Because they measure different things. The Census figure is a count of people who had the name Justice in 2020. The living estimate aims to answer a current question instead: how many people with the name are alive today, based on SSA birth records and age-based survival rates. Since one number is a 2020 snapshot and the other is a present-day estimate, they are not expected to be identical.
What does the Census say about the gender split for Justice?
The 2020 Census sex table shows Justice on both sides of the split. Of the 28,889 people counted with this name, 15,389 were male (53.3%) and 13,500 were female (46.7%). The Census view is a snapshot of people living with the name in 2020, while the SSA section above tracks births across time.
What does the Census say about the background of people named Justice?
In the 2020 Census race and Hispanic-origin table, the largest reported group for people named Justice is Black at 38.3%. The next largest groups are White (35.2%) and Hispanic (12.3%). These figures describe the people who had the name in 2020, not any inherent property of the name itself. The percentages in the chart above come from self-reported race and Hispanic-origin responses in the 2020 Census.
Which group reports the name Justice most often in the Census?
Black is the largest reported group for people named Justice in the 2020 Census, accounting for 38.3% (11,060 people in the published table).
Why can the Census sex total and race total differ slightly?
The Census Bureau published separate 2020 tables for sex and for race/Hispanic origin, and the released figures can differ slightly because of privacy protection in the public files. That is why this page treats the gender section and the race/origin section as two related snapshots instead of forcing them into one identical total.
Does every first name have Census demographic data?
No. The public Census first-name release only includes names that met the Bureau's publication rules, so many rarer names in the SSA files have no Census demographic snapshot. When that happens, the SSA trend, gender history, and state sections still appear, but the 2020 Census demographic sections are omitted.
What does the SSA popularity chart show?
The chart tracks births, not the number of people alive with the name today. Each point shows how many babies were given the name Justice in that year. That makes it useful for spotting when the name rose, peaked, or faded.
Is Justice a male name?
Yes, 51.4% of people registered as Justice in the SSA data are male. You can see the full per-sex comparison in the gender distribution section above, which includes the latest year rank, birth count, and peak year for each sex.

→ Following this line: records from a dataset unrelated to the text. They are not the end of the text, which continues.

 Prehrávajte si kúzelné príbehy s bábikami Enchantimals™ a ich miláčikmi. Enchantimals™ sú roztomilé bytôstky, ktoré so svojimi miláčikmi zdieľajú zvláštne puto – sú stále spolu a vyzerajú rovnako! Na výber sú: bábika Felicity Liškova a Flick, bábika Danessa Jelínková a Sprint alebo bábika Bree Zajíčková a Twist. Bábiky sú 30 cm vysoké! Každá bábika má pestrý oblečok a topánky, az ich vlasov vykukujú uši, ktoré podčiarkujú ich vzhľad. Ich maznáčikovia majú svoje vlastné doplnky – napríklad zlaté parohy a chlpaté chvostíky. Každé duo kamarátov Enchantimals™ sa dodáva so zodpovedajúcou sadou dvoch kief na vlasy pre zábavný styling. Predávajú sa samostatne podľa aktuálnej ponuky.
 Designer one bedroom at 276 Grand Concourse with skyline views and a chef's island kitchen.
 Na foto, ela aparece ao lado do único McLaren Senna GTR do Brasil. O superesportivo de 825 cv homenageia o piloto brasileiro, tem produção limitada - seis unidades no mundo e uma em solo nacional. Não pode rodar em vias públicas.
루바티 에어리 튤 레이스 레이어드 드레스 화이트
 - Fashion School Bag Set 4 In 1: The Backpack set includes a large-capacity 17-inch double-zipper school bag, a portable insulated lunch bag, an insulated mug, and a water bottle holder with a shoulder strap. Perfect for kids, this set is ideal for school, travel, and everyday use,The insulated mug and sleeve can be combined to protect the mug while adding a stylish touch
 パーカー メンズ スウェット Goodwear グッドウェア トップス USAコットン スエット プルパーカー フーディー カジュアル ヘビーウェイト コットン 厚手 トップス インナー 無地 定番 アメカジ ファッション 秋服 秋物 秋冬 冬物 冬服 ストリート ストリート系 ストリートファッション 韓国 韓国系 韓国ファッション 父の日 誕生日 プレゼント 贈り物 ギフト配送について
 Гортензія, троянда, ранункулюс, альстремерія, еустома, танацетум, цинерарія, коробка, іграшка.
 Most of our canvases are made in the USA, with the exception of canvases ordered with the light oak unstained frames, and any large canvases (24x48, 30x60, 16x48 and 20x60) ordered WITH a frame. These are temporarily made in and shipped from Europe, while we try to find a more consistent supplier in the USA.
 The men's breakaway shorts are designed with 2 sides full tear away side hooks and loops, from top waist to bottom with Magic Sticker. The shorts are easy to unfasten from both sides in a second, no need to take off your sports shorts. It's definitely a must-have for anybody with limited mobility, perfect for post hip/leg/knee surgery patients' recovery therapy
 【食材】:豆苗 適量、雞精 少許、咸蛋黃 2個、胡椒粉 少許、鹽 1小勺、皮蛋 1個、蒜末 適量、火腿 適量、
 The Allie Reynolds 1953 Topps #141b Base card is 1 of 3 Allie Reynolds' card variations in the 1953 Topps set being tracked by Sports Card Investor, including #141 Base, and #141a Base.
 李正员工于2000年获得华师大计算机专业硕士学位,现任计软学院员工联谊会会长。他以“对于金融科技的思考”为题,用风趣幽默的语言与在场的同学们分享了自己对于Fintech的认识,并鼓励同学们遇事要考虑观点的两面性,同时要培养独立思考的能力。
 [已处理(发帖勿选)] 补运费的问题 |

Is Justice still being used today?
Yes. The SSA still recorded Justice in 2024, and the page above shows its latest-year rank where available. A name can be well past its peak and still remain in steady use, especially if it built up a large population over earlier decades.
Why can a name have a lot of living bearers even if it is not trendy now?
Because living-bearer counts and current baby-name popularity measure different things. A name like Justice can build up a very large population over many decades, even if fewer parents are choosing it now than they did at its peak.
Where does this data come from?
First-name figures come from the Social Security Administration's national baby name files, which cover every name on a birth certificate from 1880 to 2024. Living-bearer estimates layer in CDC actuarial life tables broken out by sex to account for mortality. The population baseline (342,754,338) is the Census Bureau's latest national estimate. You can read the full calculation on our methodology page.
How many people have Justice as a first name?
If you just want to know how many people share the name Justice, HowManyOfMe.org gives you the headline number in one glance.